Some actions were more difficult to detect than others. Participants struggled to recognize jumping jacks and sitting. This could be because the natural optic flow patterns for these actions are not as unique as others, and are therefore easily confused with other actions. Another possibility is that jumping jacks and sitting may generate optic flow patterns that are more complex than for other actions, rendering them hard to detect. Sitting might have proven difficult because it is typically not a repetitive movement, however our video sample captured it as such (with the actor sitting down and standing up several times). Jumps were detected more accurately than jumping jacks, perhaps due to the relative simplicity of jumping motions. Athletes were more accurate than non-athletes, consistent with our predictions. This is most likely due to their trained eye and a lot of experience with physical activity with extensive focus and awareness of body movements. It is also possible that in the open-ended response type design, athletes were better equipped to report answers within the constraints of the task than non-athletes because of their familiarity with exercise names and types of movement.

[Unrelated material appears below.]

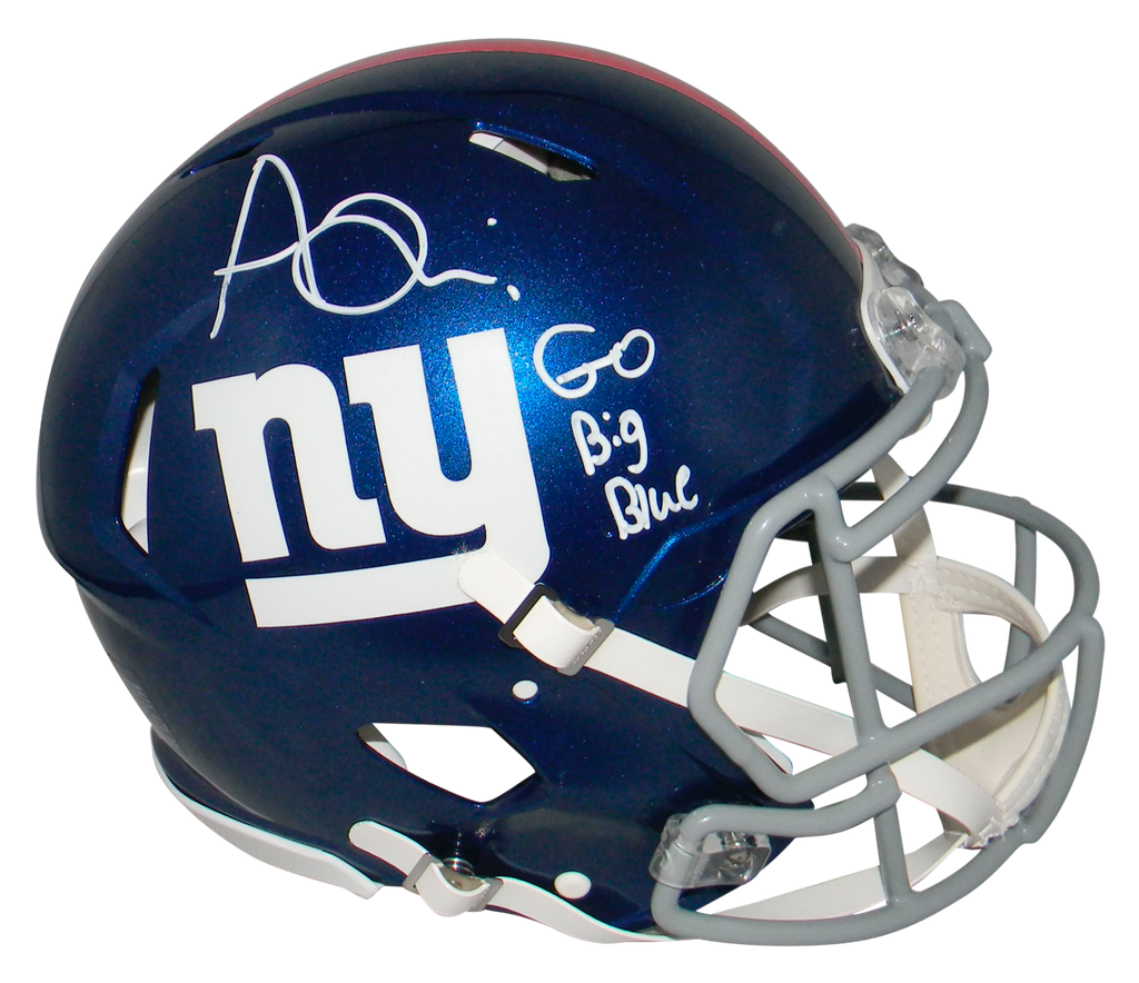 Azeez Ojulari, star linebacker for the New York Giants, has hand signed this Giants Riddell Speed full-size authentic helmet at a private signing. He included the inscription "Go Big Blue". This helmet is fully padded inside like the ones worn on the field. This item is authenticated by Beckett Authentication Services, one of the best authenticators in the industry. Their tamper-evident hologram featuring a QR code and serial number is on the item. The authenticity can be verified online by entering the serial number or scanning the QR code.Item pictured may not be the exact item you will receive. It will be similar quality, and we guarantee your satisfaction.

Response times for the sitting activity were the longest of all actions. This is consistent with the difficulty in detecting sitting action and shows that perhaps it was not the optimal choice for this task due to it not being a cyclical action. There were no differences in the speed of responding between athletes and non-athletes, contrary to our prediction. This may have been because participants were not prompted in any way to respond as quickly as possible.

We also must consider the limits of the open-ended response method, which was utilized to increase the external validity of the task. At the same time, the open-ended nature of task invited a variety of responses, which decreased experimental control and resulted in low internal validity. The absence of clear differences between groups and activities may have been the result of passive responses (lack of inherent motivation to answer accurately), variations in participants’ typing speeds, and uncertainty about the exact labels for the various categories of activities. In some cases, participants were able to report the general movement but did not give a concise enough response to be considered correct (e.g., “up and down,” “moving forward”). In the second experiment we chose to use a forced choice response paradigm to reduce variability due to the open-ended responses. We predicted that the forced choice paradigm would make the task easier and result in less variable responses.

Experiment 2

The second experiment was conducted to refine and verify the results of Experiment 1. Participants were asked to determine the action presented in the first-person videos by means of a forced-choice task.